Tenure outcomes have vaulted MIT into the national spotlight on several occasions. The 1984 dismissal of David F. Noble, a historian of technology, became a cause celebre about the extent to which academics are granted freedom of speech after he published several books and papers critical of MIT's and other research universities' reliance upon financial support from corporations and the military.[189] Former materials science professor Gretchen Kalonji sued MIT in 1994 alleging that she was denied tenure because of sexual discrimination.[190][191] In 1997, the Massachusetts Commission Against Discrimination issued a probable cause finding supporting James Jennings' allegations of racial discrimination after a senior faculty search committee in the Department of Urban Studies and Planning did not offer him reciprocal tenure.[192] In 2006-2007, MIT's denial of tenure to African-American biological engineering professor James Sherley reignited accusations of racism in the tenure process, eventually leading to a protracted public dispute with the administration, a brief hunger strike, and the resignation of Professor Frank L. Douglas in protest.[193][194]
Alumni
Many of MIT's over 110,000 alumni and alumnae have had considerable success in scientific research, public service, education, and business. Twenty-six MIT alumni have won the Nobel Prize and 37 have been selected as Rhodes Scholars.[195]

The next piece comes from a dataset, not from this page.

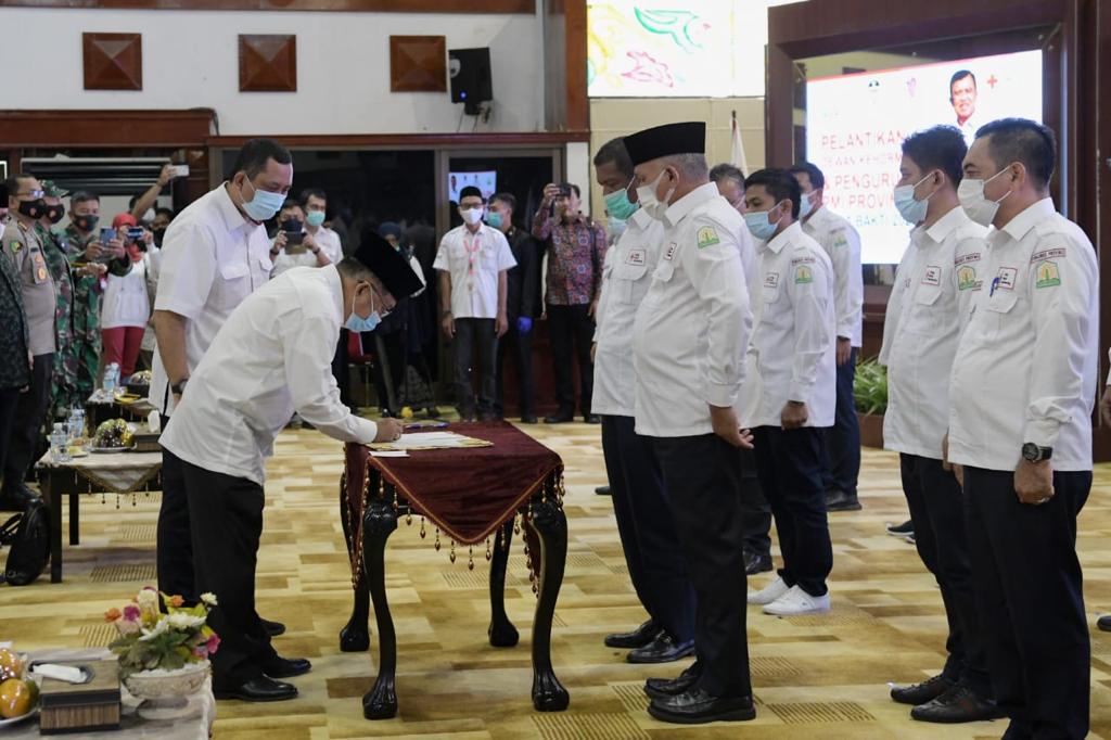 Pengurus PMI yang dilantik hari ini merupakan hasil dari musyawarah luar biasa (muslub) 28 Oktober 2020 di mana ketua yang terpilih adalah Murdani Yusuf.

Alumni currently in American politics and public service include Chairman of the Federal Reserve Ben Bernanke, New Hampshire Senator John E. Sununu, U.S. Secretary of Energy Samuel Bodman, MA-1 Representative John Olver, CA-13 Representative Pete Stark. MIT alumni in international politics include British Foreign Minister David Miliband, former U.N. Secretary General Kofi Annan, former Iraqi Deputy Prime Minister Ahmed Chalabi, and former Prime Minister of Israel Benjamin Netanyahu.
MIT alumni founded or co-founded many notable companies, such as Intel, McDonnell Douglas, Texas Instruments, 3Com, Qualcomm, Bose, Raytheon, Koch Industries, Rockwell International, Genentech, and Campbell Soup. The annual Entrepreneurship Competition has lead to the creation of over 85 companies that have, in aggregate, generated 2,500 jobs, received $600 million in venture capital funding, and have a market capitalization of over $10 billion.[196] A 1997 study claimed that the combined revenues of companies founded by MIT affiliates would make it the twenty-fourth largest economy in the world.[197]
MIT alumni have also led other prominent institutions of higher education, including the University of California system, Harvard University, Johns Hopkins University, Carnegie Mellon University, Tufts University, Rochester Institute of Technology, Northeastern University, Rensselaer Polytechnic Institute, Tecnológico de Monterrey, and Purdue University. Although not alumni, former Provost Robert A. Brown is President of Boston University, former Provost Mark Wrighton is Chancellor of Washington University in St. Louis, and former Professor David Baltimore was President of Caltech.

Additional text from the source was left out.